How much can be contributed to a SIMPLE IRA Plan?

The maximum contribution an employee can contribute to a SIMPLE IRA Plan is $11,500 (indexed). In addition, an employee who has attained age 50 can contribute an additional $2,500 (indexed) to the plan as a catch-up contribution.

The employer contribution to the plan will either be a matching contribution or a nonelective contribution. If the employer selects the matching contribution, the employer will be required to match all employee salary reduction contributions 100 percent up to 3 percent of the employee’s annual salary.

If the employer does not want to require the employee to contribute to the SIMPLE IRA plan in order to receive a contribution, the nonelective contribution option can be utilized. The nonelective contribution option requires the employer to contribute 2 percent of compensation for all employees eligible to participate in the SIMPLE IRA plan regardless of whether they are currently deferring their own compensation into the plan. This method is not frequently used in SIMPLE IRA plans because it does not require any participation on the part of the employee.

Can employees contribute to a SIMPLE IRA plan?

Yes, an employee can contribute compensation through a salary reduction agreement with the plan. These salary reductions are remitted to the SIMPLE IRA each payroll period. Once the employee commits to the salary reductions, this election can be changed as frequently as allowed by the employer. A company policy regarding the frequency of salary reduction agreement changes should be established and distributed to the employees.

Is the Employer required to contribute to a SIMPLE IRA plan?

The employer is required to contribute to the SIMPLE IRA plan. The employer does have the option of either funding a 100% match up to 3 percent of compensation or a 2 percent of compensation nonelective contribution to all eligible employees regardless of their participation in the salary reduction portion of the plan.

The employer contribution is required each year but does not have to be deposited in the SIMPLE IRA plan accounts until the due date of the employer’s tax return including extension. Therefore, a calendar year corporate taxpayer with a tax return on extension would not be required to deposit the employer contributions until September 15th of the following year.

How does an employee receive their money from a SIMPLE IRA plan?

The employee has access to his/her account at all times. Distributions can be requested from the financial institution and/or the financial advisor at any time. However, the amounts withdrawn from the SIMPLE IRA plan account will be subject to federal income taxes in the year the distribution. In addition, any distributions taken from the SIMPLE IRA plan prior to the SIMPLE IRA plan account being in existence for at least 2 years will be subject to a 10 percent excise tax assessed by the Internal Revenue Service (IRS). Also, any distribution received by an employee under the age of 59 ½ will result in an early withdrawal penalty of 10 percent as well.

What is required to administer a SIMPLE IRA Plan?

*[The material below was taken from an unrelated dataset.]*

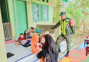 Aceh Tamiang – Bentuk upaya mendukung percepatan stunting di wilayah, Sertu Indar Mawan Babinsa Koramil 02/Karang Baru, Kodim 0117/Aceh Tamiang selalu hadir ditengah tengah masyarakat dalam pendampingan pelayanan kesehatan Posyandu balita yang diselenggarakan di Desa Alur Bemban, Kecamatan Karang Baru, Kabupaten Aceh Tamiang. Rabu (18/06/2025)

In order to establish a SIMPLE plan, the employer must adopt a plan document and have the plan in place no later than October 1st of the calendar year. The plan document can either be a Form 5305-SIMPLE or a SIMPLE prototype plan document provided by your financial institution. Once the document is executed, the employer will work with a financial advisor and a financial institution to establish the IRA accounts. After funding the plan, the employee will receive statements from the financial institution and work with the financial advisor regarding the investment of his/her account.

What are the first steps to getting a SIMPLE IRA plan started?

If you are interested in exploring a SIMPLE IRA plan for your company, please contact Resource Benefits Administrators at (254) 776-6214 or (512) 342-1652 and a representative will assist you with your questions and the procedures needed to get your plan established.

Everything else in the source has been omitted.